Part of the reason why we believe we've been so fortunate to have such a consistent track record of beating the market over a long period of time is we have tried to identify what the value-added rules are that the S&P uses that most active managers don't use, that enables it to generate returns that beat most active managers. And so there are three simple things that we observe that most active managers don't do and we try to do.

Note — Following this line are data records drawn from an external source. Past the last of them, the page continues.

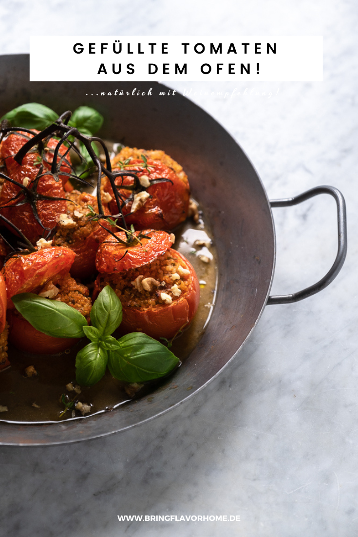 [drop_cap]Das Hervorragende an der Rebsortenvielfalt des Pay d´Oc IGP ist nicht nur, dass man den richtigen Wein für jeden Geschmack, sondern auch für jedes Gericht findet. Genau wie bei diesem Rezept. Und da zu tomatenbasierten Gerichten am besten leichte – mittelschwere Rotweine mit einer moderaten Säurestruktur passen, matchen wir zu den mit Quinoa gefüllten Tomaten einen sortenreinen Wein aus 100 % Pinot Noir Pays d’Oc IGP (aka Spätburgunder) von der Mittelmeerküste.[/drop_cap] Allein bei dem Wort „Mittelmeerküste“ bekomme ich Fernweh nach lauen Sommerabenden und „Mittelmeer-Soulfood“. Die gefüllten Tomaten durfte ich übrigens das erste Mal in Griechenland in einem Strandrestaurant probieren. Allerdings mit Reis und Gemüse gefüllt. Meine Interpretation der gefüllten Tomate kommt etwas würziger daher. Zu dem Quinoa gesellen sich nämlich noch Mozzarella, Halloumi, Kapern und ein ordentliches Portiönchen getrocknete Tomaten. Weggeschmissen wird auch nichts, denn das Kerngehäuse aus den ausgehölten Tomaten pürieren wir, sieben es ab und mischen es mit Gemüsebrühe – in diesem feinen Sud dürfen unsere gefüllten Tomaten dann für ca. 30 Minuten schmoren.
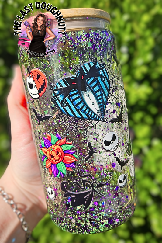 Jack VS Oogie Snowglobe Glass Can Cup (16oz)
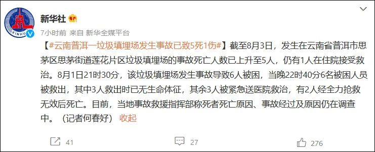8月1日普洱市思茅區(qū)蓮花片區(qū)垃圾填埋場(chǎng)發(fā)生事故致6人被困目前事故死亡人數(shù)已上升至5人# 事件經(jīng)過(guò) #8月1日21時(shí)30分,普洱市思茅區(qū)相關(guān)部門接到報(bào)警,思茅街道蓮花片區(qū)垃圾填埋場(chǎng)有人被困。事故發(fā)生后,市委、市政府和思茅區(qū)委、區(qū)政府高度重視,市區(qū)兩級(jí)迅速成立“8.01”事故救援指揮部進(jìn)行現(xiàn)場(chǎng)緊急救援。...
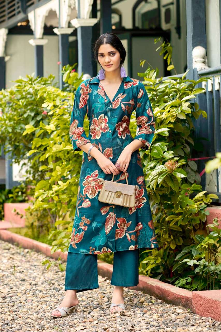 Catalouge : ROSY Vol 02 A LINE KURTI PANT Fabric in Top : Vetican Discharge Print Sleeves type : 3/4th |
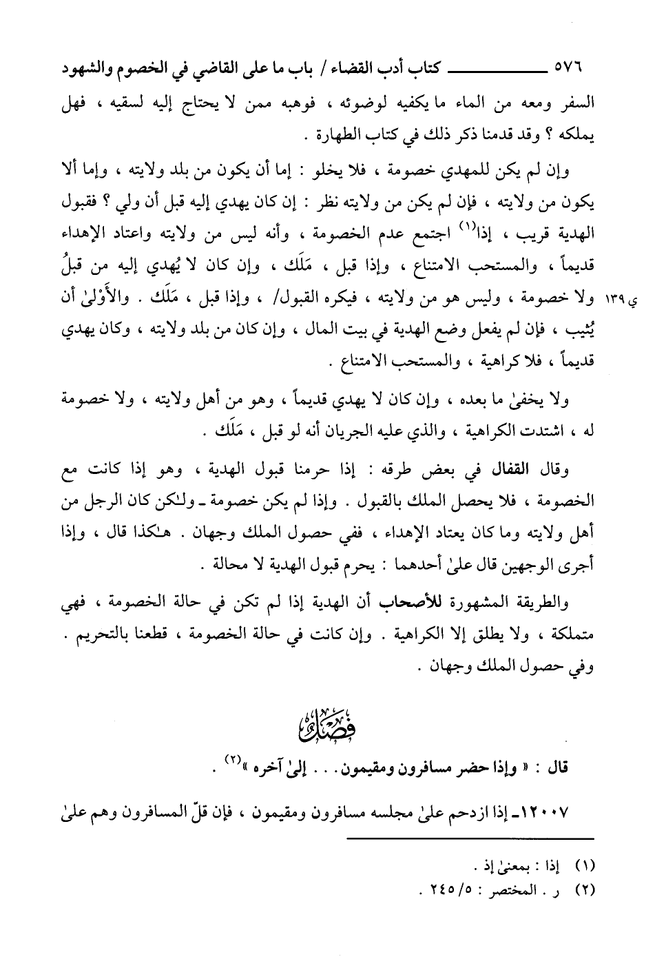 والطريقة المشهورة للأصحاب أن الهدية إذا لم تكن في حالة الخصومة، فهي متملكة، ولا يطلق إلا الكراهية. وإن كانت في حالة الخصومة، قطعنا بالتحريم.

The first is an avoidance of macroeconomic forecasting. The S&P committee doesn't sit back and say, "Well, based on Greenspan's comments two weeks ago, it looks like they may raise interest rates in the next meeting. So let's lower our financial services weighting." Or, "Based on what oil prices are doing, let's adjust our energy weighting. Energy has done really well this year and last year, and maybe we need to cut it back." They're not making short-term changes in the index's weighting based on what they're observing in the market. Yet many active managers do that. They change their portfolio based on some forecast. What we try to do is observe what the Fed is saying, observe what really smart economists and strategists are saying, and try to understand from a valuation standpoint what that will mean for the companies that we own and the companies we're looking to invest, but not come up with our own forecast of when Greenspan will raise rates and how that will affect the financials we own. We want to understand that, but we're not going to change a portfolio based on some set forecast.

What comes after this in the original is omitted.